- **Information given**
####################

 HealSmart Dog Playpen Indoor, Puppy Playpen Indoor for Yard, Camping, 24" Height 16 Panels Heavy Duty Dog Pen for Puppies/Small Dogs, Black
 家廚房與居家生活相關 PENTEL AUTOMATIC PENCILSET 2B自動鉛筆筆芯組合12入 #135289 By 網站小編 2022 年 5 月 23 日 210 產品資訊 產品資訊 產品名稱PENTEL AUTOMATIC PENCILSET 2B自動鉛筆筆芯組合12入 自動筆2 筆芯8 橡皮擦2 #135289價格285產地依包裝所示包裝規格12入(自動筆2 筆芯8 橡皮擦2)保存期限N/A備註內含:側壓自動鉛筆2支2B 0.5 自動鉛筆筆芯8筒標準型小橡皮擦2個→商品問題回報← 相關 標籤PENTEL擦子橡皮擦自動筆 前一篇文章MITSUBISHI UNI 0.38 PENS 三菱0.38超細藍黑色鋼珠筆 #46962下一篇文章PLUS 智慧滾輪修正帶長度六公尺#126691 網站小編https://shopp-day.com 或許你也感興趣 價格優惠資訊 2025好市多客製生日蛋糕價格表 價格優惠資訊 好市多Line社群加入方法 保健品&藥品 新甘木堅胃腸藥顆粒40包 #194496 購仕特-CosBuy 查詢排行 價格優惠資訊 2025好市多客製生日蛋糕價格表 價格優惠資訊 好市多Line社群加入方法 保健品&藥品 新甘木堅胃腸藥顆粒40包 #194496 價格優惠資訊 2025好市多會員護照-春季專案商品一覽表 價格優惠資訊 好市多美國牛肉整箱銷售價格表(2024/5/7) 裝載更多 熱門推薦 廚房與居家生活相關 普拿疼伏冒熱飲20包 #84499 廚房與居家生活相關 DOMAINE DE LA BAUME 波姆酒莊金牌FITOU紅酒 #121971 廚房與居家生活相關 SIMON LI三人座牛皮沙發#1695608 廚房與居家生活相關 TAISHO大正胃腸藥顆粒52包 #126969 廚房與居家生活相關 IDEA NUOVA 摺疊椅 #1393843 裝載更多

####################

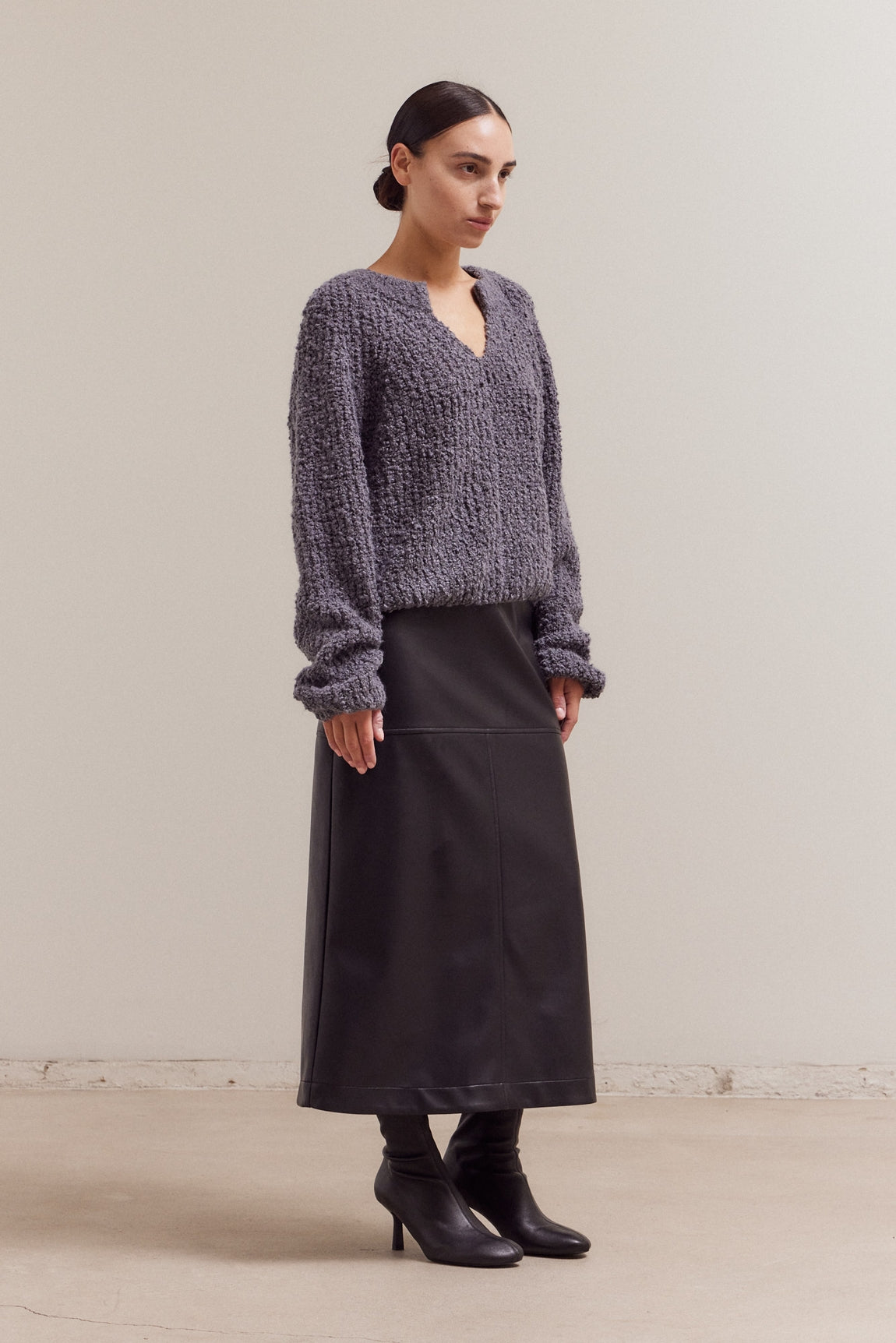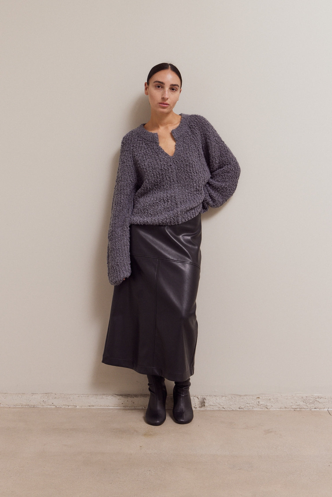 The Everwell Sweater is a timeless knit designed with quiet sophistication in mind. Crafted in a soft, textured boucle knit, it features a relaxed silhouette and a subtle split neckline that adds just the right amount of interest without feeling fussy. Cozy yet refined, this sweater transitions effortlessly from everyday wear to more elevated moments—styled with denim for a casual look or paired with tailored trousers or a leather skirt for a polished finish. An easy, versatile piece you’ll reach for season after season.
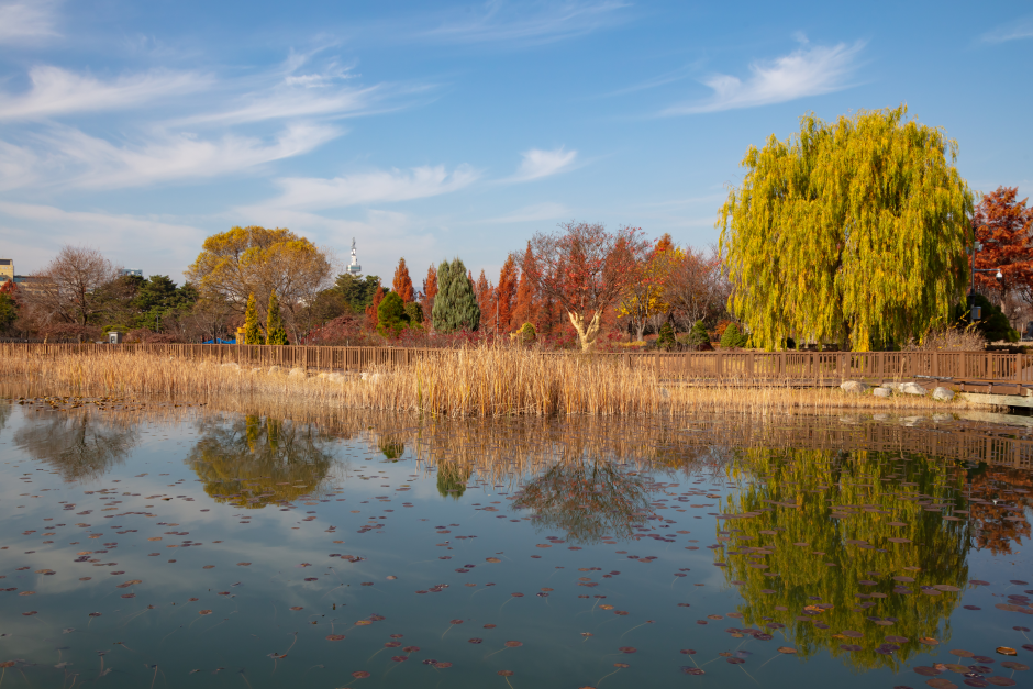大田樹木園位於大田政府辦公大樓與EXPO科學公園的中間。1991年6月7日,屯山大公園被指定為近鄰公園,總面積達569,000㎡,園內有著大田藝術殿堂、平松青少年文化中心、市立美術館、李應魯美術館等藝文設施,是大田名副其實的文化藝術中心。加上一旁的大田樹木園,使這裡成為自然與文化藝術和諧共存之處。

####################

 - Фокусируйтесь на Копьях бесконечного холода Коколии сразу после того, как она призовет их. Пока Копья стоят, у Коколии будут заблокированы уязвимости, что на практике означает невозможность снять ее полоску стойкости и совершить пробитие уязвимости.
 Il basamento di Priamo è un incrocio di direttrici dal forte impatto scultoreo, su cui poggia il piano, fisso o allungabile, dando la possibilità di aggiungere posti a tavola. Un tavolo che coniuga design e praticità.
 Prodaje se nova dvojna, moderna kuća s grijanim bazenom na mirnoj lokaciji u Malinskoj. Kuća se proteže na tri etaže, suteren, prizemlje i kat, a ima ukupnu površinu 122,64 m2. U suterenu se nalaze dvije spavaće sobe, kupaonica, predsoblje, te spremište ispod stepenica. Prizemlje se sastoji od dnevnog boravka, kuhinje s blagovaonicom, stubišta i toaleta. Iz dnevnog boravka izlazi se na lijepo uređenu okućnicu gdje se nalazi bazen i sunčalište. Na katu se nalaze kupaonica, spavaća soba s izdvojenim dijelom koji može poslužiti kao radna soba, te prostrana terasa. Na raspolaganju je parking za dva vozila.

####################

- **Task**
Please output exactly the lines between the one holding "- Фокусируйтесь на" and the one holding "Il basamento di" in the records above, inclusive, and nothing more.

- **Response**
 - Фокусируйтесь на Копьях бесконечного холода Коколии сразу после того, как она призовет их. Пока Копья стоят, у Коколии будут заблокированы уязвимости, что на практике означает невозможность снять ее полоску стойкости и совершить пробитие уязвимости.
 Il basamento di Priamo è un incrocio di direttrici dal forte impatto scultoreo, su cui poggia il piano, fisso o allungabile, dando la possibilità di aggiungere posti a tavola. Un tavolo che coniuga design e praticità.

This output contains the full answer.